Find better ways to run your wires to the back, either by utalizing trim around floors and doors, or using decrative covers for the wires.
za3zoo3
i think Wireless surround actually is amuture in performance right now ( unless the cost is dosn't matter )with people have plenty of 2.4 ghz signal in the room
Defsac
There are a number of problems with this. The first is that you want to send an analog signal. This means either sending the signal digitally (which means your signal will undergo d-a conversion at the amplifier, a-d conversion at the transmitter, and then d-a conversion at the receiver) which will lose quality as a result of the amount of a-d and d-a conversion taking place, or sending it as an analog signal (which means any interference will degrade the sound quality).

The second is the fact you don't want to use 2.4ghz. The reason many devices use this area of the spectrum is because it's unlicensed. If you use a licensed area of spectrum you have to pay to license it in every country you want to sell your product in.

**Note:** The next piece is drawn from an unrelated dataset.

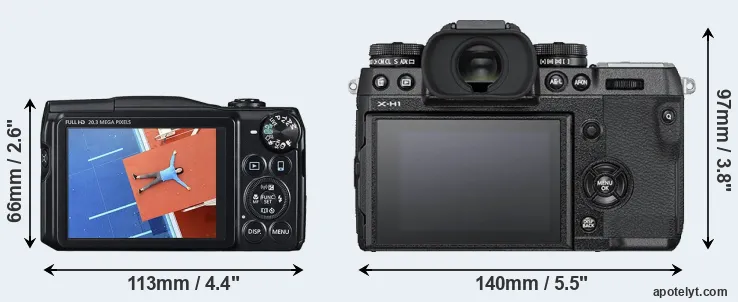 The above size and weight comparisons are to some extent incomplete and possibly misleading, as the SX710 has a lens built in, whereas the X-H1 is an interchangeable lens camera that requires a separate lens. Attaching the latter will add extra weight and bulk to the setup. You can compare the optics available for the X-H1 and their specifications in the Fujinon X Lens Catalog.

Since using unlicensed spectrum is cheaper, virtually everything from microwave ovens to wi-fi to cordless phones use the same area of spectrum. You are going to have trouble finding a cheap device which doesn't use an interference prone area of unlicensed spectrum.

The third is as said, each of your speakers needs a power source to drive it. For the price it would cost you to get a transmitter and receivers for each speaker you could probably pay an electrician to put wallplates next to the speakers and run the cabling from the speaker back to the amp through the wall.